/testing/libfuzzer/fuzzers/url.proto

http://github.com/chromium/chromium · Protocol Buffers · 94 lines · 22 code · 12 blank · 60 comment · 0 complexity · 314d8dc24b680c13aca9dd6127f4c568 MD5 · raw file

  1. // Copyright 2017 The Chromium Authors. All rights reserved.
  2. // Use of this source code is governed by a BSD-style license that can be
  3. // found in the LICENSE file.
  4. // This file contains the definition of the Url protobuf used in the
  5. // url_parse_proto_fuzzer that is meant to serve as an example for future
  6. // Chromium fuzzers that use libprotobuf-mutator.
  7. // We will consider the format of a URL for this fuzzer, to be
  8. // [scheme:][//[user[:password]@]host[:port]][/path][?query][#value]
  9. // There may be some URLs Chromium treats as valid that this syntax does not
  10. // capture. However, we will ignore them for the sake of simplicity.
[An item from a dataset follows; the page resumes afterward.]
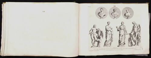 Identificación: Un busto masculino y dos femeninos y estatua de Zeus, Apolo y dos femeninas
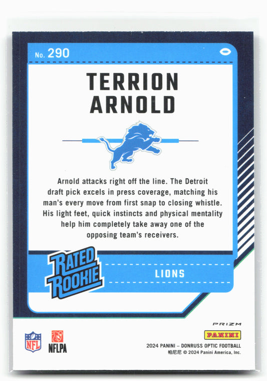 This is a nice example of a 2024 Donruss Optic #290 Terrion Arnold Purple Shock Other important information about this card:In 2024 Terrion Arnold played for the Detroit Lions.Please check...

  11. // It is recommended to read this file in conjunction with
  12. // convert_protobuf_to_string() in url_parse_proto_fuzzer.cc as logic in this
  13. // function is sometimes used to ensure that the Url Protocol Buffer obeys the
  14. // syntax we have defined for URLs. Though reading it is completely unecessary
  15. // for understand this fuzzer, we have roughly followed RFC 3986
  16. // (https://tools.ietf.org/html/rfc3986) which defines the syntax of URIs (which
  17. // URLs are a subset of).
  18. syntax = "proto2";
  19. package url_parse_proto_fuzzer;
  20. // Here we define the format for a Url Protocol Buffer. This will be passed to
  21. // our fuzzer function.
  22. message Url {
  23. // If there is a scheme, then it must be followed by a colon. A scheme is in
  24. // practice not required in a URL. Therefore, we will define the scheme as
  25. // optional but ensure it is followed by a colon in our conversion code if it
  26. // is included.
  27. optional string scheme = 1;
  28. enum Slash {
  29. NONE = 0; // Seperate path segments using ""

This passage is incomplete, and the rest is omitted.